A decisive AI breakthrough is about to transform the world
Summary
The technology driving ChatGPT is capable of so much more. What’s coming next will make talking bots look like mere distractions.The AI revolution is about to spread way beyond chatbots.
From new plastic-eating bacteria and new cancer cures to autonomous helper robots and self-driving cars, the generative-AI technology that gained prominence as the engine of ChatGPT is poised to change our lives in ways that make talking bots look like mere distractions.
While we tend to equate the current artificial-intelligence boom with computers that can write, talk, code and make pictures, most of those forms of expression are built on an underlying technology called a “transformer" that has far broader applications.
First announced in a 2017 paper from Google researchers, transformers are a kind of AI algorithm that lets computers understand the underlying structure of any heap of data—be it words, driving data, or the amino acids in a protein—so that it can generate its own similar output.
The transformer paved the way for OpenAI to launch ChatGPT two years ago, and a range of companies are now working on how to use the innovation in new ways, from Waymo and its robot taxis to a biology startup called EvolutionaryScale, whose AI systems are designing new protein molecules.
The applications of this breakthrough are so broad that in the seven years since the Google research was published, it has been cited in other scientific papers more than 140,000 times.
It’s hardly an exaggeration to say that this one collection of algorithms is the reason that Nvidia is now the most valuable company on earth, that data centers are popping up all over the U.S. and the world, driving up electricity consumption and rates, and that chief executives of AI companies are often—and perhaps mistakenly—asserting that human-level AI is just around the corner.
From text translation to universal learner
Humans have always acted on the conviction that the universe is full of underlying order—even if they debated whether the source of that order was divine.

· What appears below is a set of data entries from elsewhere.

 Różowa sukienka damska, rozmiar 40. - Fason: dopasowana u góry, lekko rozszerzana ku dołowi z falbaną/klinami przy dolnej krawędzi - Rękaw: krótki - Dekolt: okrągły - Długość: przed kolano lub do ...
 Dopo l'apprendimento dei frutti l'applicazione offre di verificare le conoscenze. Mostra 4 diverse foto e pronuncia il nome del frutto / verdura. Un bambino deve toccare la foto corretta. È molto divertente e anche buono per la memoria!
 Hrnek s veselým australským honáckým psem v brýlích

Modern AI is in a sense yet another validation of the idea that every scientist since Copernicus really was onto something.
Modern AI has long been good at recognizing patterns in information. But previous approaches put serious limits on what more it could do. With language, for example, most AI systems could only process words one at a time, and evaluate them only in the sequence they were read, which limited their ability to understand what those words meant.

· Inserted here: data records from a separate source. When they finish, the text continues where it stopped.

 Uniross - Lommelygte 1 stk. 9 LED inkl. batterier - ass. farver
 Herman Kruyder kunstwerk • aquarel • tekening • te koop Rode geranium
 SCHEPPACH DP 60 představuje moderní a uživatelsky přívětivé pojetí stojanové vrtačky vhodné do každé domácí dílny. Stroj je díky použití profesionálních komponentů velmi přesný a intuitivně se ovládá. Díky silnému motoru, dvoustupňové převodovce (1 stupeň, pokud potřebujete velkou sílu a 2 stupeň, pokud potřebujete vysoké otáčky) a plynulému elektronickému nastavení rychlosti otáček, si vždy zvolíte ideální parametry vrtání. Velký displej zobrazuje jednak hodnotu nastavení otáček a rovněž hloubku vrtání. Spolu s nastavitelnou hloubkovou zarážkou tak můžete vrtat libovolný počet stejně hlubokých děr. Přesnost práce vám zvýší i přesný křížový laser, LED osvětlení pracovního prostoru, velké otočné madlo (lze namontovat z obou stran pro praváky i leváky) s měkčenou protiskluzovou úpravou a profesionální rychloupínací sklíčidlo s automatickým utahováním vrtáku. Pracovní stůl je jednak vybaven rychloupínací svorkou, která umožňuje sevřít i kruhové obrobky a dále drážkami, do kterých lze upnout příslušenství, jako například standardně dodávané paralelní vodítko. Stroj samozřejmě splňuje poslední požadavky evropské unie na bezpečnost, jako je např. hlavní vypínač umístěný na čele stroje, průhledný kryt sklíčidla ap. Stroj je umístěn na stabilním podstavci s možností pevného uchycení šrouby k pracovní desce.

The Google researchers who wrote that seminal 2017 paper were focused on the process of translating languages. They realized that an AI system that could digest all the words in a piece of writing, and put more weight on the meanings of some words than others—in other words, read in context—could make much better translations.
For example, in the sentence “I arrived at the bank after crossing the river," a transformer-based AI that knows the sentence ends in “river" instead of “road" can translate “bank" as a stretch of land, not a place to put your money.
In other words, transformers work by figuring out how every single piece of information the system takes in relates to every other piece of information it’s been fed, says Tim Dettmers, an AI research scientist at the nonprofit Allen Institute for Artificial Intelligence.
That level of contextual understanding enables transformer-based AI systems to not only recognize patterns, but predict what could plausibly come next—and thus generate their own new information. And that ability can extend to data other than words.
“In a sense, the models are discovering the latent structure of the data," says Alexander Rives, chief scientist of EvolutionaryScale, which he co-founded last year after working on AI for Meta Platforms, the parent company of Facebook.
EvolutionaryScale is training its AI on the published sequences of every protein the company’s researchers can get their hands on, and all that we know about them. Using that data, and with no assistance from human engineers, his AI is able to determine the relationship between a given sequence of molecular building blocks, and how the protein that it creates functions in the world.
Earlier research related to this topic, which was more focused on the structure of proteins rather than their function, is the reason that Google AI chief Demis Hassabis shared the 2024 Nobel Prize in chemistry. The system he and his team developed, called AlphaFold, is also based on transformers.
Already, EvolutionaryScale has created one proof-of-concept molecule. It’s a protein that functions like the one that makes jellyfish light up, but its AI-invented sequence is radically different than anything nature has yet to invent.
The company’s eventual goal is to enable all sorts of companies—from pharmaceutical makers producing new drugs to synthetic chemistry companies working on new enzymes—to come up with substances that would be impossible without their technology. That could include bacteria equipped with novel enzymes that could digest plastic, or new drugs tailored to individuals’ particular cancers.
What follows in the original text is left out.